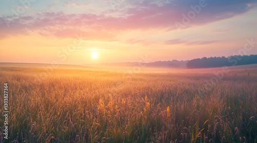 A sweeping prairie at sunrise with gentle wild grasses and pastel skies
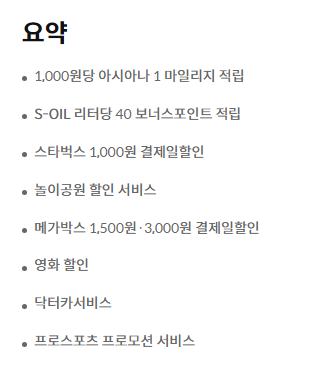 아시아나 마일리지 적립 외에도 다양한 혜택이 있습니다. 에스오일 (S-OIL) 리터 당 40 보너스포인트 적립, 스타벅스 1,000원 결제일 할인 등 다양한 혜택을 확인할 수 있습니다.
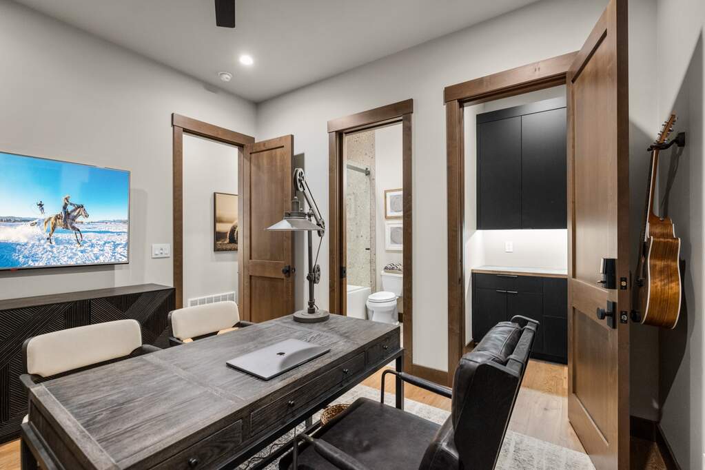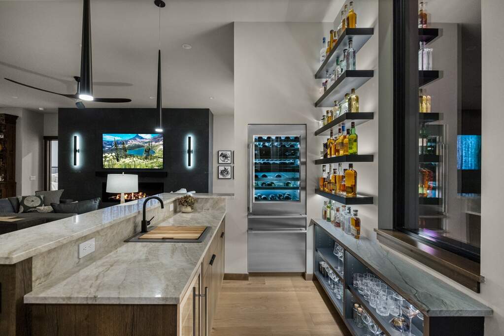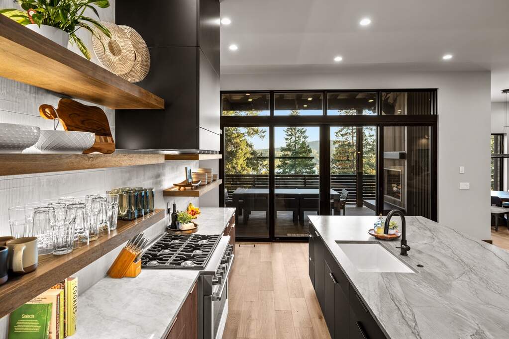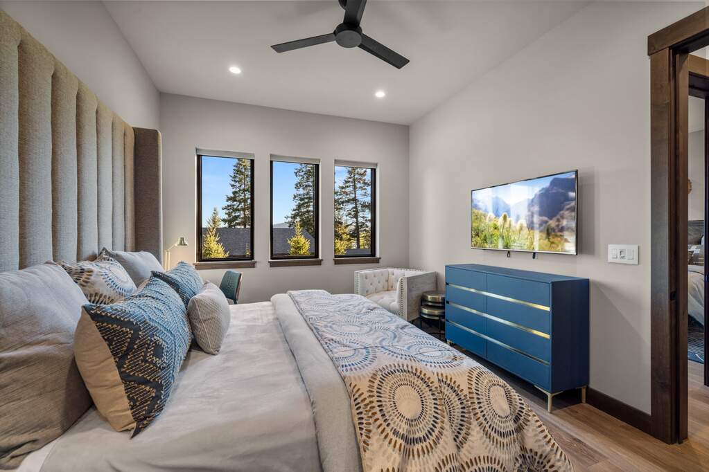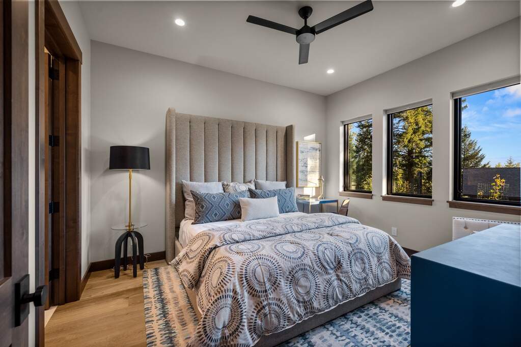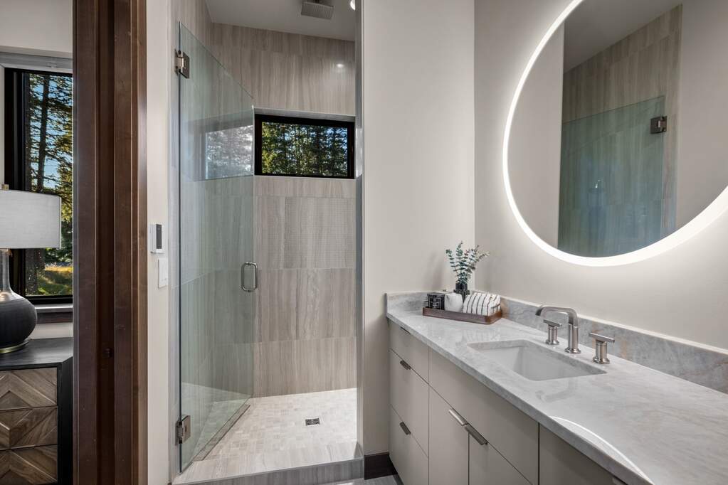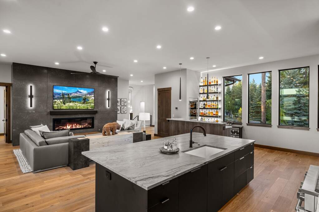Whitefish Lake Access with Boat Slip! Marina Crest Magic! Experience signature Bay Point living with assigned boat slip #38. Completed in 2023, this immaculate 3,741-square-foot residence offers five bedrooms (all ensuite), 5 bathrooms with heated flooring, and an additional powder room, creating a picture-perfect retreat within the highly sought-after Bay Point Country Estates Lake community. Offered fully furnished and turnkey, the home showcases refined interior styling with warm wood accents, modern sophistication, and meticulous attention to detail throughout. The open-concept layout is centered around a show-stopping kitchen and wet bar, complemented by a spacious Butler's pantry. Oversized windows bathe the interior with natural light, enhancing the home's bright and inviting atmosphere. The thoughtfully designed space also includes an elevator for ease of access, a generous deck for dining with filtered views of Whitefish Lake, and a bonus upper-level deck that provides abundant seating, an outdoor TV, and a hot tub, perfectly suited for entertaining or unwinding after a day on the water. Every detail has been carefully curated to support effortless living and memorable gatherings. Embracing the true Montana adventure lifestyle, the oversized heated garage offers a dedicated RV bay, supplying ample space for all your recreational pursuits. Enjoy exclusive access to your assigned boat slip (#38), along with over 500 feet of shared Whitefish Lake community frontage featuring swimming docks, a BBQ and park area, and a covered pavilion. Ideally located just minutes from downtown Whitefish and within walking distance to Whitefish City Beach, this exceptional property offers year-round recreation and the very best of lake living.

WHAT YOU SHOULD DO »
Your task is to reproduce exactly the lines from the start of the data above through the line containing "아시아나 마일리지 적립", leaving every picture out.

EXERCISE SOLUTION »
 A sweeping prairie at sunrise with gentle wild grasses and pastel skies
 아시아나 마일리지 적립 외에도 다양한 혜택이 있습니다. 에스오일 (S-OIL) 리터 당 40 보너스포인트 적립, 스타벅스 1,000원 결제일 할인 등 다양한 혜택을 확인할 수 있습니다.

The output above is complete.